## What to produce:
Take the line containing "Het perceel waarop" and each line after it through the end of the data below, and return them exactly, minus any pictures.

## Supplied data:
********
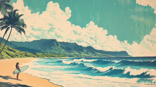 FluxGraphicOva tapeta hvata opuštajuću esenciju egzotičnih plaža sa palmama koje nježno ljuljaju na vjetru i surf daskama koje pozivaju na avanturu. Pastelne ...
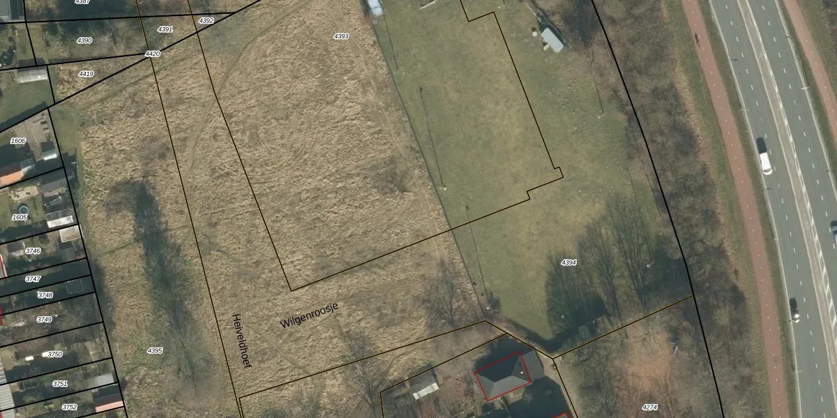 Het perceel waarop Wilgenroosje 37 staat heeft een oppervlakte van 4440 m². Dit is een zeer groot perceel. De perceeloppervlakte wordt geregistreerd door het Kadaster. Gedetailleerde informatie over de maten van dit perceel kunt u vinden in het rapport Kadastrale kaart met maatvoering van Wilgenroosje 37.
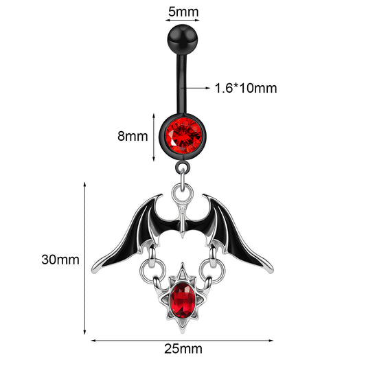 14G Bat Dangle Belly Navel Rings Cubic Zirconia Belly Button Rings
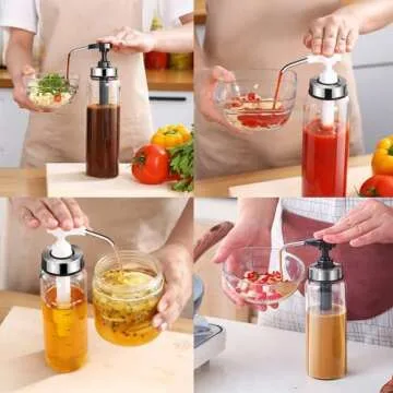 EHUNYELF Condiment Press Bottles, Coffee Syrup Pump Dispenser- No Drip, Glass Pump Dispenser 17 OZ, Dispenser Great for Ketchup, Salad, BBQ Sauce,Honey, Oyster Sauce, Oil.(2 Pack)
********
## Exercise solution:
 Het perceel waarop Wilgenroosje 37 staat heeft een oppervlakte van 4440 m². Dit is een zeer groot perceel. De perceeloppervlakte wordt geregistreerd door het Kadaster. Gedetailleerde informatie over de maten van dit perceel kunt u vinden in het rapport Kadastrale kaart met maatvoering van Wilgenroosje 37.
 14G Bat Dangle Belly Navel Rings Cubic Zirconia Belly Button Rings
 EHUNYELF Condiment Press Bottles, Coffee Syrup Pump Dispenser- No Drip, Glass Pump Dispenser 17 OZ, Dispenser Great for Ketchup, Salad, BBQ Sauce,Honey, Oyster Sauce, Oil.(2 Pack)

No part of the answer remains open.